▸ **Your assignment**: Please give back only the lines below from the one containing "私どものクラウドファンディン" to the one containing "掃碼下圖還可免費(fèi)查", each repeated word for word, both ends included.

Source data:
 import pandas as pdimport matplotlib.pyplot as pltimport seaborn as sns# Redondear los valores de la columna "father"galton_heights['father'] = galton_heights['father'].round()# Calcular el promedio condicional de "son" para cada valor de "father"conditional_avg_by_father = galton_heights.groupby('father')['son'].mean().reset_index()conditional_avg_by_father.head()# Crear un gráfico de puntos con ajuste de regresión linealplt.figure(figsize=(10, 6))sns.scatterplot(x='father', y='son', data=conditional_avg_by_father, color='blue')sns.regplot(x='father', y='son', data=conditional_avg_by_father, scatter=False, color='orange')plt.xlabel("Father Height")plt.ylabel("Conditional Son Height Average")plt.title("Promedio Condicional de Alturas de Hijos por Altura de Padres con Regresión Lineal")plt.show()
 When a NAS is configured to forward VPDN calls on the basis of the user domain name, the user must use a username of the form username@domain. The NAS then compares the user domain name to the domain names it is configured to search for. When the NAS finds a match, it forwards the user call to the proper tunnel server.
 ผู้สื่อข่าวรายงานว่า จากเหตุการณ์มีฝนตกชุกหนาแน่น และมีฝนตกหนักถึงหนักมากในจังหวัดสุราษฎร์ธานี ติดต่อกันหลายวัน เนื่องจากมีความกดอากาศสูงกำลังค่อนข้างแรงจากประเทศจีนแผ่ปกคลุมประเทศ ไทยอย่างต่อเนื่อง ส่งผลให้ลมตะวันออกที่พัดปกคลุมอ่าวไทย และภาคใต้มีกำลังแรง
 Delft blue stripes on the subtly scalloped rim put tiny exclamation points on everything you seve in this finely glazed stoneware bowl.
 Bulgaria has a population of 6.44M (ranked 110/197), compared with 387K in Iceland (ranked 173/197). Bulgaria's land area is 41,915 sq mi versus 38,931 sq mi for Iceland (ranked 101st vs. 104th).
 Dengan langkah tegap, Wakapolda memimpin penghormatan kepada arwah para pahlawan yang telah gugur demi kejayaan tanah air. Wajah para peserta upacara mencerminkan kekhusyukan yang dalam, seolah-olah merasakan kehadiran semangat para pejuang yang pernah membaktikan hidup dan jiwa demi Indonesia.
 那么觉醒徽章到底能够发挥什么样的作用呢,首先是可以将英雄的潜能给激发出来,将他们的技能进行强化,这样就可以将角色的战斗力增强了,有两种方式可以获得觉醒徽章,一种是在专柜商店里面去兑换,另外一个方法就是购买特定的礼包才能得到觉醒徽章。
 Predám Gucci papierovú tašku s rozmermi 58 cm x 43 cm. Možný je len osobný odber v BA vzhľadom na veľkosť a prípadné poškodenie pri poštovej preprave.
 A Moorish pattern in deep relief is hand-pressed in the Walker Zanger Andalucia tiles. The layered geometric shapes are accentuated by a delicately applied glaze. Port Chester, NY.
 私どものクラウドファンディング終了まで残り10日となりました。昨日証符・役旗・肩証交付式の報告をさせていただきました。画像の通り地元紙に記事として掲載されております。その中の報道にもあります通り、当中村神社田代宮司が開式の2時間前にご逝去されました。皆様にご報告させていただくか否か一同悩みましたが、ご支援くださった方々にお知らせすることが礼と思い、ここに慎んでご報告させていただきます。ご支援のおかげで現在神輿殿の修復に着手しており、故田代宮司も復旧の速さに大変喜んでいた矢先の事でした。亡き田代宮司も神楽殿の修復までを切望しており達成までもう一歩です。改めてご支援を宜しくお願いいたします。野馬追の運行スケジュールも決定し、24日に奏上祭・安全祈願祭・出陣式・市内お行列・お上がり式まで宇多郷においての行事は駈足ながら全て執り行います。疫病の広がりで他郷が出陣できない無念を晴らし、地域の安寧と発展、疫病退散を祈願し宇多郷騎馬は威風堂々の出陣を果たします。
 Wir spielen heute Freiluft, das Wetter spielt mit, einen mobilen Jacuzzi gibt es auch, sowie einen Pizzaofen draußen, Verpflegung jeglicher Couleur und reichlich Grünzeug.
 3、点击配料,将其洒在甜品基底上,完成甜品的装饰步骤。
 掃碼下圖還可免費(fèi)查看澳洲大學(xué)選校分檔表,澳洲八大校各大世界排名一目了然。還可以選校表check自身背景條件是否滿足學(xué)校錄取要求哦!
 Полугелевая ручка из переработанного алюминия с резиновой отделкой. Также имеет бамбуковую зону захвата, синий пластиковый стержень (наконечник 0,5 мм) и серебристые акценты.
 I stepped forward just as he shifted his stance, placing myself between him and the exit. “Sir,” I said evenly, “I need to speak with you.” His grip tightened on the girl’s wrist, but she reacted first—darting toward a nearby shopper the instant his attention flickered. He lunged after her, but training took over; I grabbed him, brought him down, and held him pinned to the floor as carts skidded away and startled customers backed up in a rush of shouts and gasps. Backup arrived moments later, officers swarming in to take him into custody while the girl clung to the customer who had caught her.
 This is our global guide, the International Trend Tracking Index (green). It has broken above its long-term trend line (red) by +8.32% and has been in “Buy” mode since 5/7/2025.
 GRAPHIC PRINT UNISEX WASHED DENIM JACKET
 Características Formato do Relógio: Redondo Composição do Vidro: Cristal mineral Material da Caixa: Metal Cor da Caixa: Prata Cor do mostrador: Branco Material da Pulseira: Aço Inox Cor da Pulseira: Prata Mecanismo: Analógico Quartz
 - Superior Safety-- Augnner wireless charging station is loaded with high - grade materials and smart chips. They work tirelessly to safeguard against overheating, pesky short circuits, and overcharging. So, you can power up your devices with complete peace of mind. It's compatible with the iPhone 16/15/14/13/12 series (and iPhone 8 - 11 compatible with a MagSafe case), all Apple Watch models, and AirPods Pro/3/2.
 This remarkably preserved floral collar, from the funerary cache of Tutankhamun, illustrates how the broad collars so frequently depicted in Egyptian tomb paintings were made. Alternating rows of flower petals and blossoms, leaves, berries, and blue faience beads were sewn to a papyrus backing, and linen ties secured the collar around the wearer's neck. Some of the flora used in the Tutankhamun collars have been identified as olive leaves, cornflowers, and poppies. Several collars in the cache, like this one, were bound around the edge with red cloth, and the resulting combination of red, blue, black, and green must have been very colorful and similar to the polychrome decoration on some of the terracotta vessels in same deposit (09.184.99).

▸ **Response area**:
 私どものクラウドファンディング終了まで残り10日となりました。昨日証符・役旗・肩証交付式の報告をさせていただきました。画像の通り地元紙に記事として掲載されております。その中の報道にもあります通り、当中村神社田代宮司が開式の2時間前にご逝去されました。皆様にご報告させていただくか否か一同悩みましたが、ご支援くださった方々にお知らせすることが礼と思い、ここに慎んでご報告させていただきます。ご支援のおかげで現在神輿殿の修復に着手しており、故田代宮司も復旧の速さに大変喜んでいた矢先の事でした。亡き田代宮司も神楽殿の修復までを切望しており達成までもう一歩です。改めてご支援を宜しくお願いいたします。野馬追の運行スケジュールも決定し、24日に奏上祭・安全祈願祭・出陣式・市内お行列・お上がり式まで宇多郷においての行事は駈足ながら全て執り行います。疫病の広がりで他郷が出陣できない無念を晴らし、地域の安寧と発展、疫病退散を祈願し宇多郷騎馬は威風堂々の出陣を果たします。
 Wir spielen heute Freiluft, das Wetter spielt mit, einen mobilen Jacuzzi gibt es auch, sowie einen Pizzaofen draußen, Verpflegung jeglicher Couleur und reichlich Grünzeug.
 3、点击配料,将其洒在甜品基底上,完成甜品的装饰步骤。
 掃碼下圖還可免費(fèi)查看澳洲大學(xué)選校分檔表,澳洲八大校各大世界排名一目了然。還可以選校表check自身背景條件是否滿足學(xué)校錄取要求哦!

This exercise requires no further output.